The problem is that, in its representative role, the Law Society tends to be viewed as travelling in the slow lane at a time when legal life is flashing past at speed with alternative business structures (ABS), Tesco/Co-op law, the opening up of new overseas markets, increasing numbers of women lawyers being thwarted in their attempts to reach the top and stay there and new entrants struggling to secure a foothold in the profession.
The Law Society business model needs refreshing – there is nothing fundamentally wrong with it, but the brand looks like “Law Society Lite”. It’s just too mild. Too Coldplay. So Chicken Korma. Like an evening in with Dragon’s Den.
There is a whole new generation of lawyers under 40 out there who are the new leaders of their firms but who have little or no time for the Law Society which they regard as irrelevant and of no benefit to them or their careers. They are wrong. The Law Society can and should be a vibrant, relevant and progressive institution leading lawyers to the promised land of good service, an effective and fair justice system and a decent living.
Lawyers are important. They are the justice system. The City lawyers I represent transact over half of the business done in this country. As such, they are at the heart of the economy. Like it or not, we need them … and the Law Society should be up there with them as one of the nation’s leading institutions. That’s my vision for the future of the Law Society.

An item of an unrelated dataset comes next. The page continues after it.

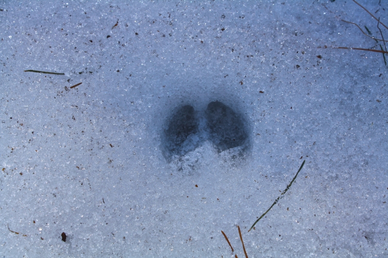 What I found interesting: the snow was very compact and hard that the foot print of the deer really stuck out, I found that to be very neat.

Of course, I owe much to McIntosh who once accused me of being a “maverick” and of not being supported by the mainstream of Law Society opinion. Ironically, I suspect that it is the maverick tag – and its suggestion of a rebel in the midst of Chancery Lane – that has caused more than two thousand lawyers in the City to vote me into office. The challenge for me now is to deliver. I owe it to those City lawyers. I owe it to McIntosh.